1/72 Gloster Meteor F.8 Prone Pilot
Special Hobby – SH72424
Na początek, wyjątkowo, krótki rys historyczny. Brytole wykombinowali, że jak się ułoży kierownika samolotu w pozycji leżącej, to mniej będą mu doskwierać straszne przeciążenia. Ale żeby wpaść na to, że przy okazji w takiej konfiguracji pole widzenia jest mocno ograniczone, a ewakuacja mocno skomplikowana, musieli zbudować samolot i nim polatać. Sprytne. Ktoś zarobił na konwersji, zarobiło dwóch oblatywaczy (bo ten, co leżał w nosie, nigdy nie latał sam), a teraz zarabia muzeum na pokazywaniu tego czegoś. No i zarabiają producenci modeli. Na przykład Special Hobby, bo oto mamy miniaturę tego cudaka w skali 1/72 w pudełku tego producenta
Co ciekawe, podobnie jak oryginał był konwersją Gloster Meteora F.8, tak i omawiana tutaj miniatura jest Gloster Meteorem F.8 oraz konwersją do niego. W zestawie jest bowiem kompletny model maszyny w wersji seryjnej…

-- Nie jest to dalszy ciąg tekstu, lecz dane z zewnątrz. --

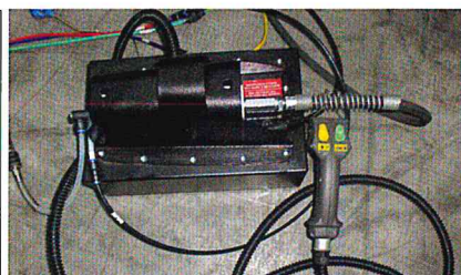
Pompa d'aria idropneumatica Standar hydro-pneumatic air pump

…zatem jakby ktoś wytrzeźwiał i zaczął się zastanawiać gdzie miał oczy i rozum, jak sięgał po ten model, to może jednak zbudować zwykłego Meteora F.8. Jeśli jednak chęć budowy wariantu eksperymentalnego była świadoma, to jego elementy umieszczone zostały w kolejnych ramkach
I jak to z konwersjami bywa – i na co wskazuje zawartość ramek – montaż i przeróbka wymagać będą ingerencji w plastik
W sumie proste cięcia i nie powinno być problemów pod warunkiem, że jedne i drugie elementy pasują do siebie gabarytami. Ogólnie spasowanie elementów modelu może być kluczowe, ponieważ mamy do czynienia z malowaniem w kolorze naturalnego metalu, a takie nie wybacza niedoskonałości w wykończeniu modelu
Do tego arkusz kalkomanii – najpewniej wydrukowany przez Eduarda, choć pewności nie mam. Ale jeśli tak, to w sumie można próbować zrywać z nałożonych nalepek bezbarwną kliszę – na metalicznej powierzchni będzie to niewątpliwie zaletą
No więc właśnie, metaliczna powierzchnia jeńców nie bierze. Jak zatem wygląda ten model z bliska? No cóż. Wygląda jak szortran opracowany piętnaście lat temu. Bo jest szortranem opracowanym piętnaście lat temu przez MPM. I przez kolejne lata w różnych konfiguracjach sprzedawany w pudełkach rzeczonego, Xtrakita czy wreszcie Special Hobby. Jest to zatem klasyczna, ręczna robota, a nie zaprojektowany cyfrowo wzór. Niemniej jednak mamy do czynienia z całkiem przyzwoitym modelem. Choć miejscami dają się dostrzec niedoskonałości wykończenia czy po prostu nieco nazbyt daleko idące uproszczenia…
Te ostatnie przede wszystkim we wnętrzu oraz w rejonie podwozia
Ramka z elementami charakterystycznymi dla wersji z szoferką w nosie wygląda odrobinę mniej starannie. Tak pod względem wykończenia powierzchni (z nieco mniej wyraźnymi liniami nitów czy chropowatą fakturą), jak i finezji detali
Na tym tle zupełnie nieźle wypada oszklenie – całkiem delikatne i bez efektu soczewki
Podsumowując – jest to niewątpliwie model dla koneserów. No i jednak dla doświadczonych modelarzy – nawet, jeśli (co jest ryzykownym założeniem) jest zestawem nie przysparzającym problemów na etapie budowy, innych niż wspomniana konieczność odpowiedniego opracowania powierzchni. Tudzież drobny wkład własny we wnętrze.